Precisely, these were the arguments on which the French Constitutional Council decided to withdraw constitutional validity to the Hadopi Act which created an administrative agency with the power that would be granted to internet providers in Colombia. The proposal's advocates claim that, unlike in the French case, the Act wouldn't create a mighty agency that would violate people's rights. I don't think so. I think that the proposal's scheme is of a decentralized Big Brother. Although this Big Brother would not be located in any building, it would not be less effective to restrict the way in which people exercise their rights. The proposal gives an incentive to internet providers to solve all doubts against users in order to avoid further responsibility. Here is where the snake's egg is incubated. Here is where Big Brother lurks against our rights.
Alarmist, paranoic, victim of his own conspiratorial outlook. I'm ready to endure all these epithets. I just want to be heard. Internet providers and account providers on the net are not the same thing, but the analogy is useful to estimate the potential negative effects that the Lleras Act would have on our rights if it is approved by the Colombian Congress. Facebook's policy of cancelling accounts of those who use a pseudonym has already taken a victim. Micheal Anti was the pseudonym of the Chinese journalist and activist Jing Zhao. Zhao lost his Facebook account and, with it, all the numerous contacts he accumulated over the years. Unfortunately, Zhao couldn't go before any authority to prevent that such a thing would take place. Now, let's consider the case of internet providers. Neither did WikiLeaks find any authority that could protect its rights when its provider, Amazon, decided to unplugged it from the net.
None of these cases are trivial.

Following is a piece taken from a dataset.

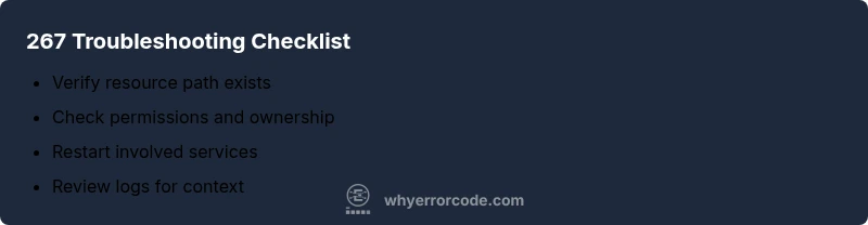 Error code 267 is context-specific, meaning its meaning varies by software or device, but it often points to a path or resource issue. In most cases, verify that the referenced directory or file exists, check permissions, then restart the involved service or application and retry the operation. If the problem persists, capture relevant log entries and note the exact sequence leading to the code.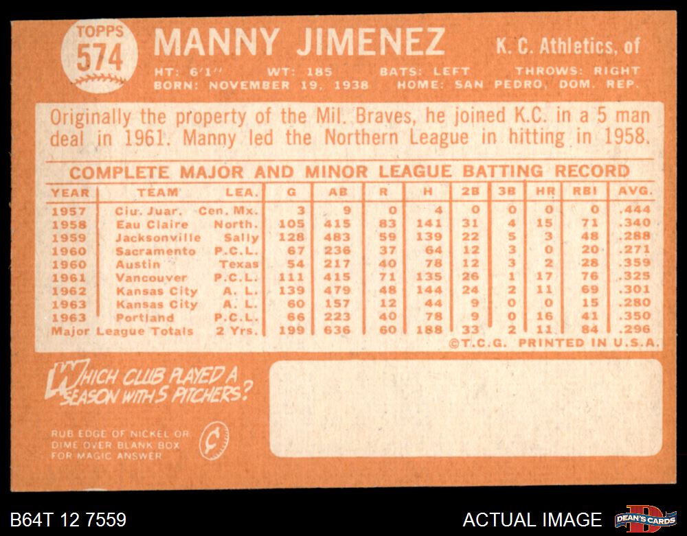 1964 Topps #574 Manny Jimenez 2 - GOOD

Without an opportune judicial protection, i.e. with an Act such as the one proposed by the Colombian government, our rights would be endangered. I hope the Colombian Congress will fulfill its function as a democratic forum and citizen bastion finding a proper balance between the presumption of innocence, the freedom of expression, and the intellectual property rights. If it fails, I hope the Constitutional Court, like its French equivalent, would accomplish this task.